The ALJ's findings on this point are accurate and supported by substantial evidence. Plaintiff does not point to any evidence of him regularly using an assistive device that limits functioning of both upper extremities, nor has the Court found any. Plaintiff argues the ALJ should have further addressed Dr. Donohue's opinion at later steps in the inquiry, but the opinion was about ultimate findings that would need to be made for a Listing-level impairment. It does not address function-by-function issues that Plaintiff has, so it would not be particularly useful at later stages. The ALJ did not err in evaluating this opinion.
Next, Plaintiff argues the ALJ erred in the RFC finding by allowing Plaintiff to walk and/or stand up to four hours per day and by not allowing for the use of an assistive device. Pl.'s Mem. at 5-12. But, the ALJ made detailed findings on the assistive device issue, even recognizing that Plaintiff appeared at a couple of visits with a cane. Tr. at 22. At the end of the day, the ALJ found that “[t]here was no medical documentation that the use of any assistive device was permanent,” and “the cane is not documented as a medically necessary device.” Tr. at 22. Especially in light of Plaintiff's appearing at multiple appointments without a cane and no medical evidence indicating that one is necessary, see generally Tr. at 327-478, the undersigned cannot say that the ALJ reversibly erred in assessing the RFC and in making the assistive device findings.
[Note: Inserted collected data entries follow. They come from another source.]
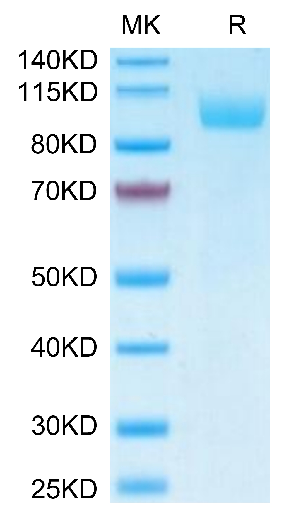 The protein has a predicted MW of 73.1 kDa. Due to glycosylation, the protein migrates to 90-115 kDa based on Tris-Bis PAGE result.
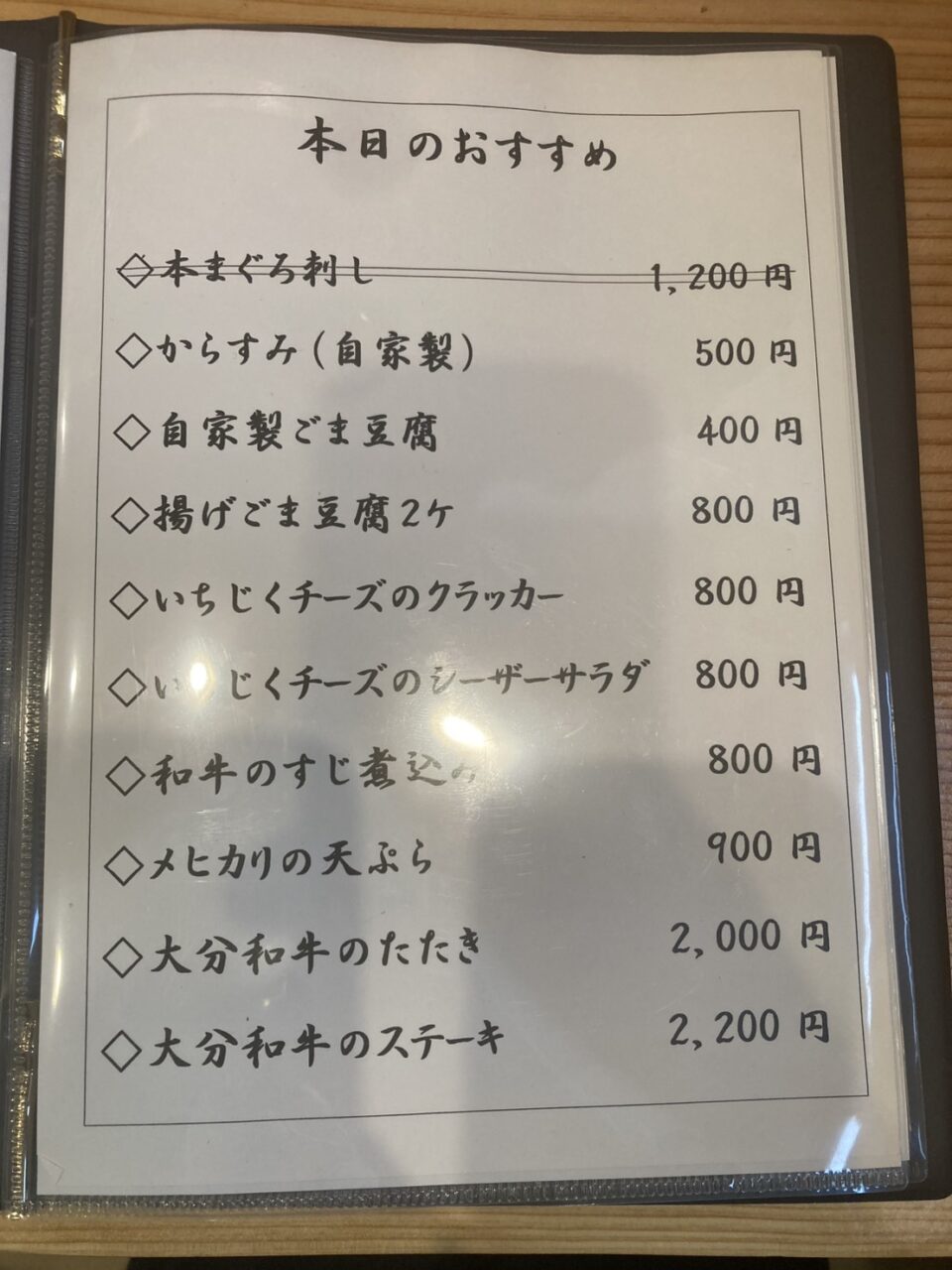 夜の時間帯は、季節の肴を中心とした料理が並び、仕事帰りの一杯や家族での食事にもぴったり。特に、旬の魚を使った料理や、手間を惜しまず仕込まれた小鉢の数々は、訪れるたびに新しい発見があります。落ち着いた雰囲気の店内で、ゆっくりと食事を楽しめるのも嬉しいポイントです。
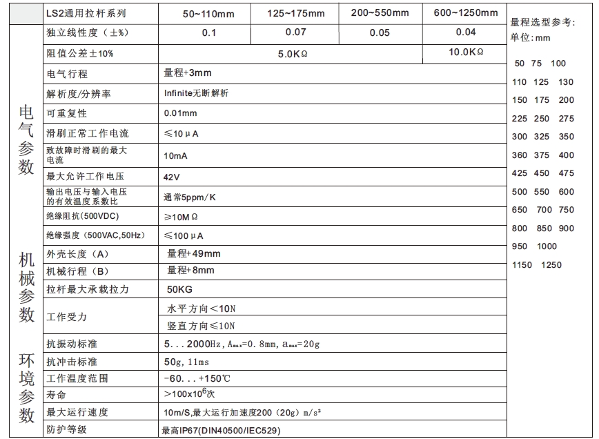 一、LS2拉杆式直线位移传感器产品简介:
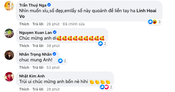 Bài đăng của anh Bốn nhanh chóng nhận được sự quan tâm lớn từ phía khán giả. Phía dưới phần bình luận, nhiều nghệ sĩ trong showbiz Việt như: Thúy Nga, Xuân Lan, Nhật Kim Anh,... đã gửi những lời chúc mừng đến nam danh hài Hoài Linh.
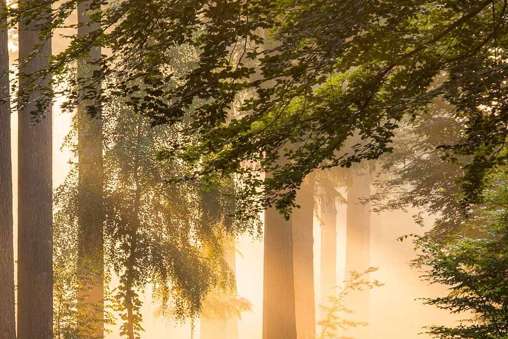 Het prachtige bos op de Veluwe op een heel vroeg tijdstip, waarbij de opkomende zon haar stralen tussen de bomen door laat zien. De mist, ontstaan door de regen van de vorige dag, geeft het bos een serene, mysterieuze uitstraling. De natuur op zijn mooist.

Finally, Plaintiff challenges the ALJ's analysis of the opinion of Mr. Matthews, a physical therapist who provided a Physical Residual Function Capacity Assessment that limited Plaintiff significantly more than the ALJ found warranted. Pl.'s Mem. at 12-15; see Tr. at 538 (Mr. Matthews' opinion).
The ALJ found the opinion to be “unpersuasive” in light of its lack of support in the physical therapy “treatment history or the overall record.” Tr. at 23. The ALJ then discussed the physical therapy, orthopedic, and primary care notes, finding they showed improvements over time following the surgery and physical therapy. Tr. at 23. Having reviewed the entirety of the record, the undersigned finds the ALJ's reasons to be sufficient and supported by substantial evidence.
The ALJ's Decision is supported by substantial evidence. In light of the foregoing, it is
2. The Clerk is further directed to close the file.